ACTIVITY:
Please begin with the line containing "Un hôpital où" and reproduce each line exactly until the records below end, without any pictures.

Records excerpted from a collection:
# # # #

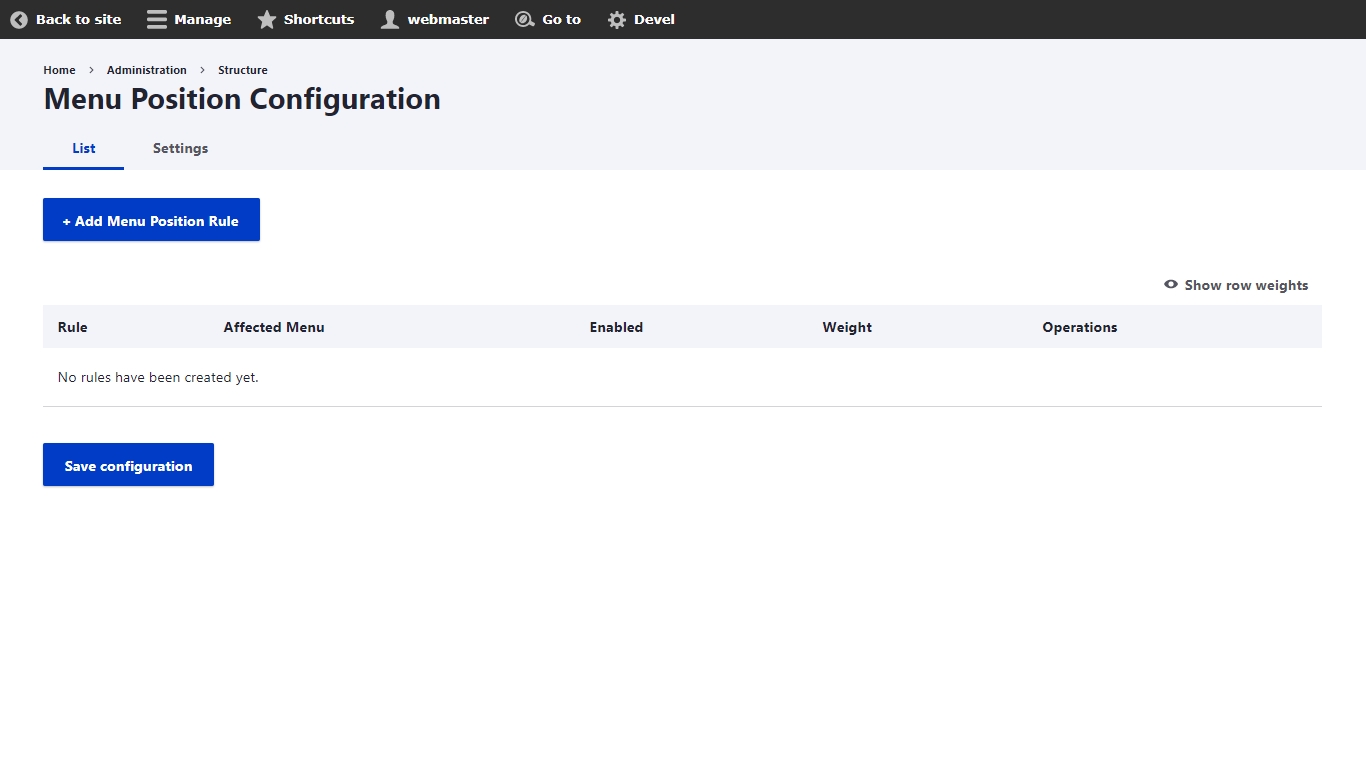 As you have noticed there are no rules yet, please follow the instruction on how to add a Menu Position Rule:
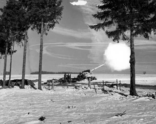 The 965th provided fire support at the town of St. Vith for the 7th Armored Division and the 106th Infantry Division. Their fire and the resistance of the two divisions stalled the German attack at its onset, which later took its toll as German tanks and trucks began to run out of fuel—by now, Berlin taxis were running on firewood. Oil had never been a German resource, which led to HItler’s Russian debacle. This was his Western Front disaster.
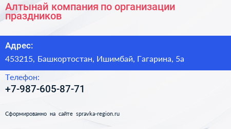 Алтынай, компания по организации праздников по адресу 453215, Башкортостан, Ишимбай, Гагарина, 5а в дальнейшем Организация, размещена в следующих категориях:
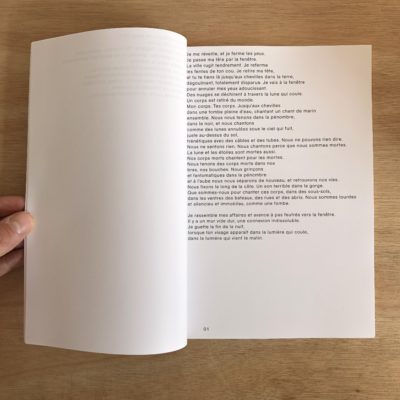 Un hôpital où un corps est connecté à un dispositif médical. Un pré faussement idyllique sous lequel grouillent des câbles. Des rivages où des formes oscillent entre ensevelissement et immersion. Dans Désolation, Verity Spott propose une poésie fantasmagorique entre narration, prose et dialogues. L’expression des sentiments bouleverse les attributions des pronoms personnels et les structures syntaxiques. Des identités changeantes prennent à partie les politiques d’austérité et les voix d’extrême droite. Livre de deuil et d’amour qui frôle la satire, Désolation travaille une écriture hybride où s’entrelacent la poésie lyrique, des images tirées de blockbusters et le langage des démagogues pour contrer les moules qui tenteraient de dicter la forme de nos chagrins.
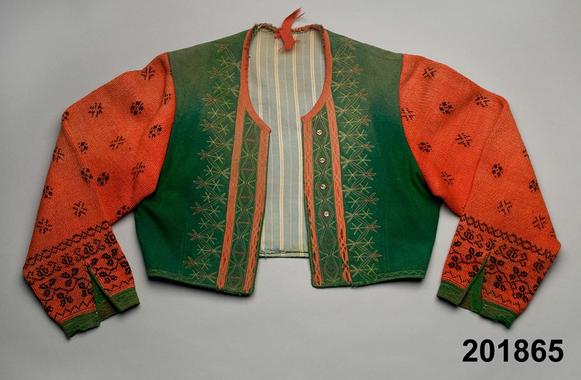 Garn: tvåtvådigt z-tvinnat ullgarn. 2 hg rött, 1 hg svart

# # # #

TASK ANSWER:
 Un hôpital où un corps est connecté à un dispositif médical. Un pré faussement idyllique sous lequel grouillent des câbles. Des rivages où des formes oscillent entre ensevelissement et immersion. Dans Désolation, Verity Spott propose une poésie fantasmagorique entre narration, prose et dialogues. L’expression des sentiments bouleverse les attributions des pronoms personnels et les structures syntaxiques. Des identités changeantes prennent à partie les politiques d’austérité et les voix d’extrême droite. Livre de deuil et d’amour qui frôle la satire, Désolation travaille une écriture hybride où s’entrelacent la poésie lyrique, des images tirées de blockbusters et le langage des démagogues pour contrer les moules qui tenteraient de dicter la forme de nos chagrins.
 Garn: tvåtvådigt z-tvinnat ullgarn. 2 hg rött, 1 hg svart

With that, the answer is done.